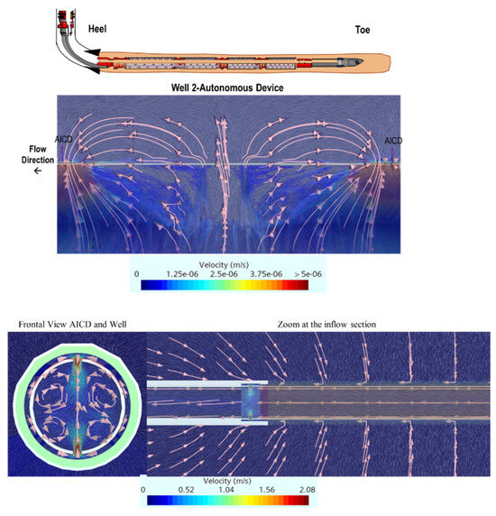 Key features observed in such studies include explicit modeling of single- and multiphase flow dynamics, numerical calculations of friction and obstruction losses, turbulence effects, material erosion analysis, fluid–solid interaction, and performance curve derivation. Examples of CFD-assisted design for diode-type AICDs are documented in [14,36,37], while passive ICD and alternative AICD configurations are examined in [18,38,39,40,41,42]. Additionally, coupled CFD and fluid–solid interaction (FSI) simulations of moving-part valves (e.g., RCP types) are demonstrated in [43].
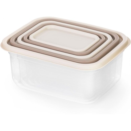 Практичные пищевые контейнеры для хранения и транспортировки салатов, вторых блюд, закусок, бакалеи и мелочей. Удобная прямоугольная форма с закруглёнными углами, крышки с язычками для лёгкого открывания. Благодаря системе «матрёшка» контейнеры и крышки компактно складываются, экономя пространство. Изготовлены из качественного пищевого пластика, легко моются вручную и в посудомоечной машине. Глянцево-матовая поверхность и интерьерные цвета делают их эстетичными даже на открытой кухне. (0,2л; 0,4л; 0,7л; 1,2л; 1,9л)
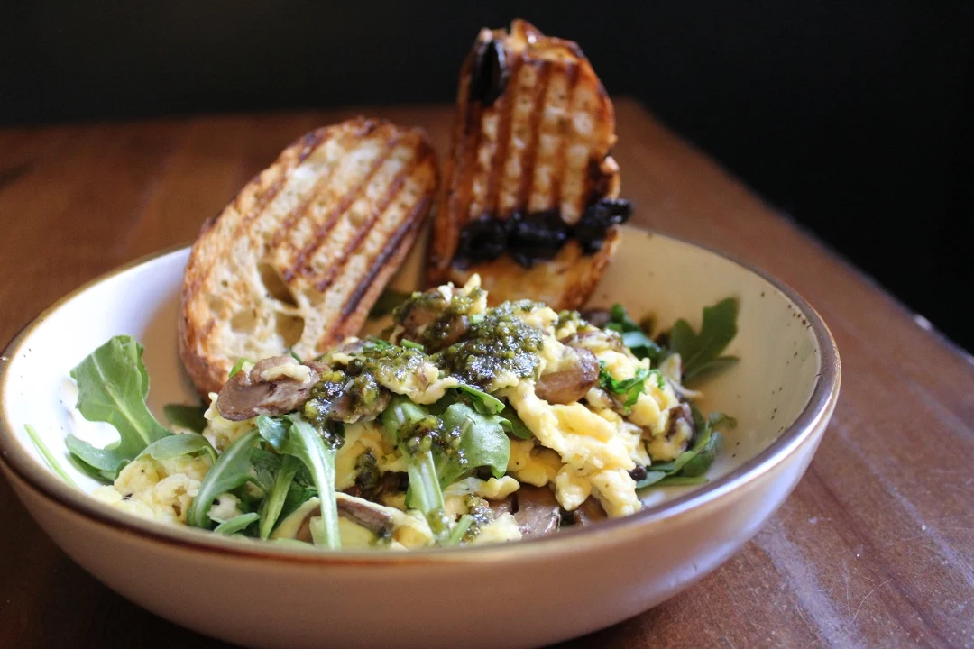 Scrambled eggs, mushrooms, chives, salsa verde, arugula. served with Caputo's olive bread
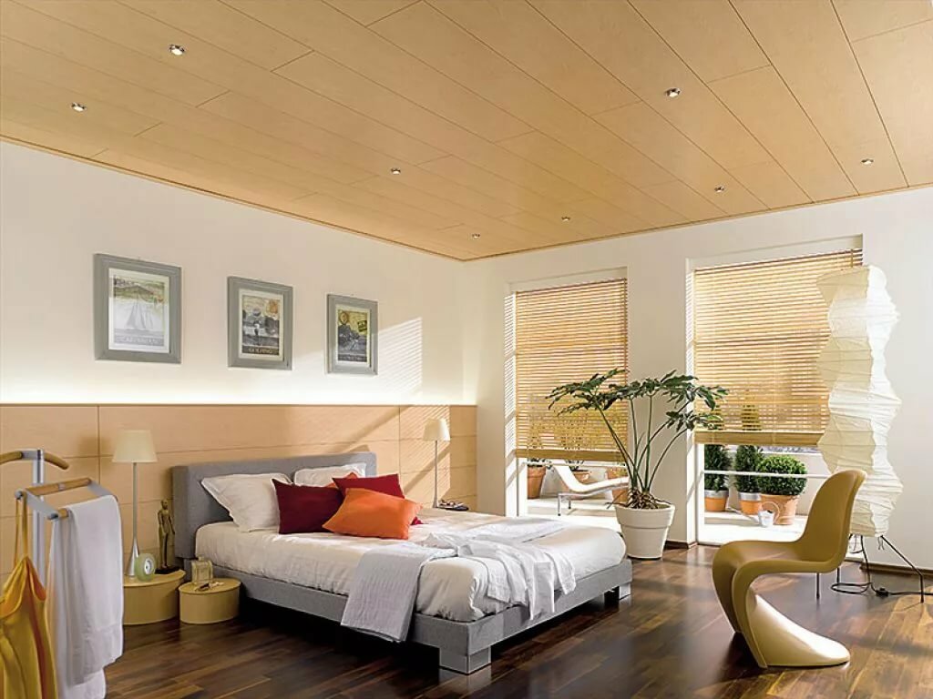 В данном случае придётся отказаться от панелей ПВХ, дорогих фирменных подвесных систем. Искусственный поливинилхлорид в отделке помещения из натурального материала будет резко диссонировать, а подвесные системы реечных, зеркальных и стеклянных потолков – это, всё же, урбанистический дизайн.
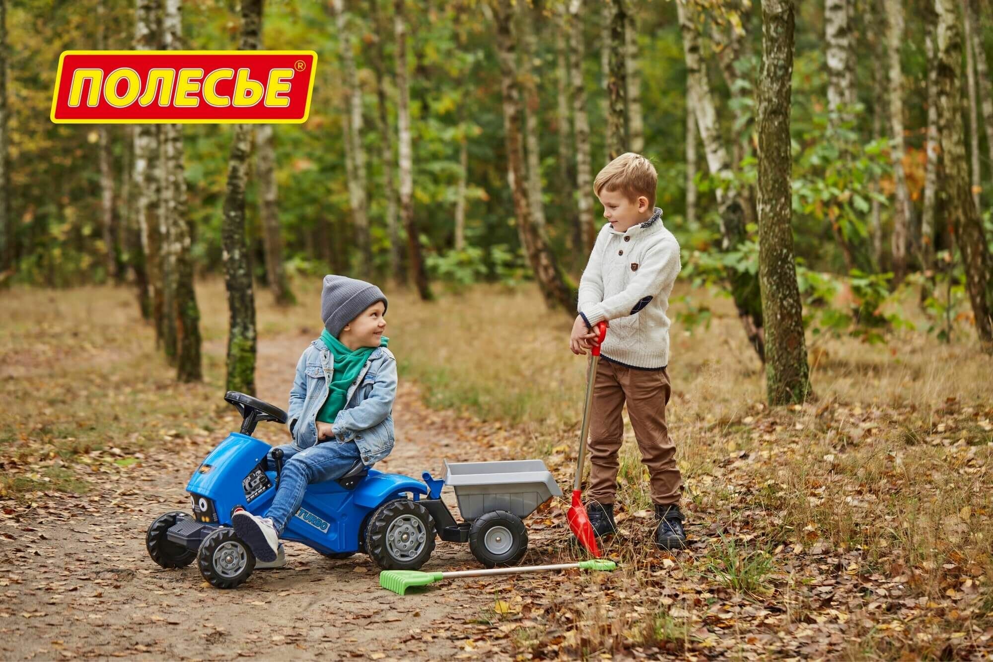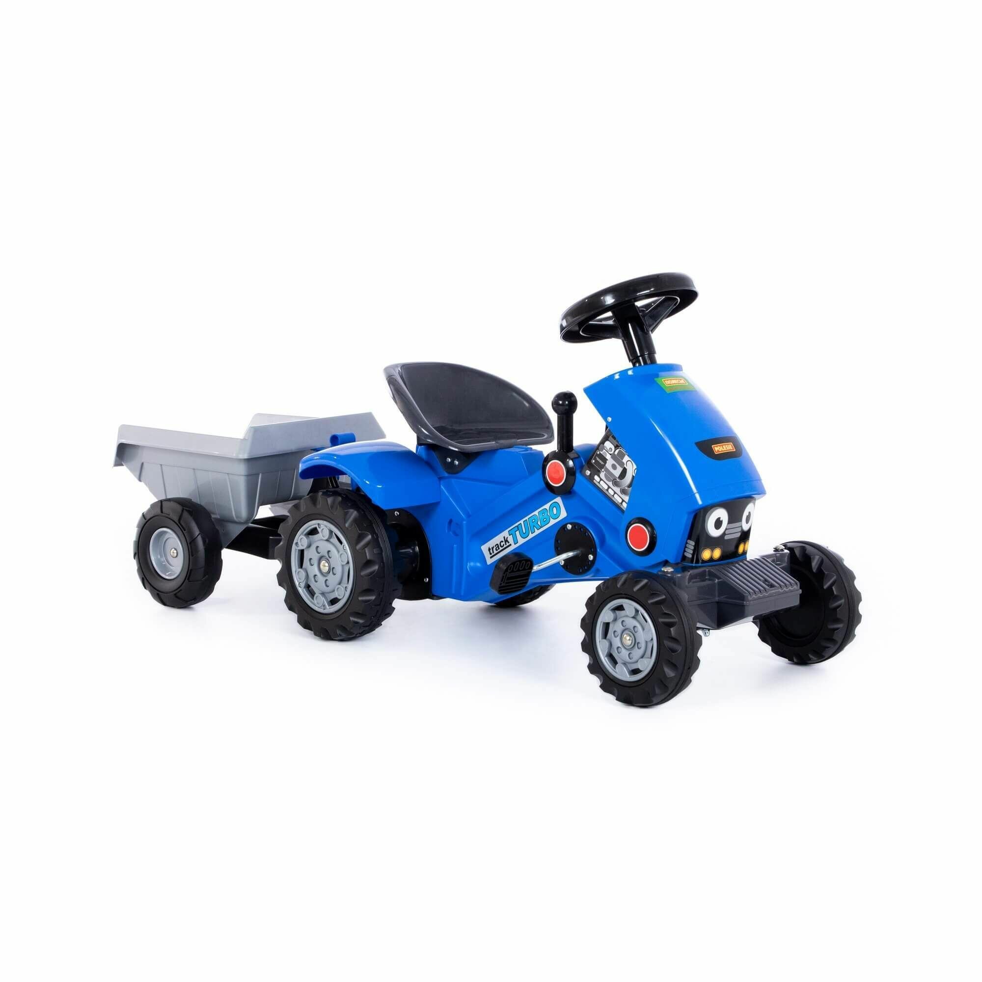 Каталка-трактор с педалями Полесье "Turbo-2"с полуприцепом, синий. Подарок для мальчиков. Артикул 84651 интересное:

═══

* WHAT IS EXPECTED:
The preceding entries are to be returned verbatim, with every picture excluded.

* WRITTEN RESPONSE:
 Key features observed in such studies include explicit modeling of single- and multiphase flow dynamics, numerical calculations of friction and obstruction losses, turbulence effects, material erosion analysis, fluid–solid interaction, and performance curve derivation. Examples of CFD-assisted design for diode-type AICDs are documented in [14,36,37], while passive ICD and alternative AICD configurations are examined in [18,38,39,40,41,42]. Additionally, coupled CFD and fluid–solid interaction (FSI) simulations of moving-part valves (e.g., RCP types) are demonstrated in [43].
 Практичные пищевые контейнеры для хранения и транспортировки салатов, вторых блюд, закусок, бакалеи и мелочей. Удобная прямоугольная форма с закруглёнными углами, крышки с язычками для лёгкого открывания. Благодаря системе «матрёшка» контейнеры и крышки компактно складываются, экономя пространство. Изготовлены из качественного пищевого пластика, легко моются вручную и в посудомоечной машине. Глянцево-матовая поверхность и интерьерные цвета делают их эстетичными даже на открытой кухне. (0,2л; 0,4л; 0,7л; 1,2л; 1,9л)
 Scrambled eggs, mushrooms, chives, salsa verde, arugula. served with Caputo's olive bread
 В данном случае придётся отказаться от панелей ПВХ, дорогих фирменных подвесных систем. Искусственный поливинилхлорид в отделке помещения из натурального материала будет резко диссонировать, а подвесные системы реечных, зеркальных и стеклянных потолков – это, всё же, урбанистический дизайн.
 Каталка-трактор с педалями Полесье "Turbo-2"с полуприцепом, синий. Подарок для мальчиков. Артикул 84651 интересное:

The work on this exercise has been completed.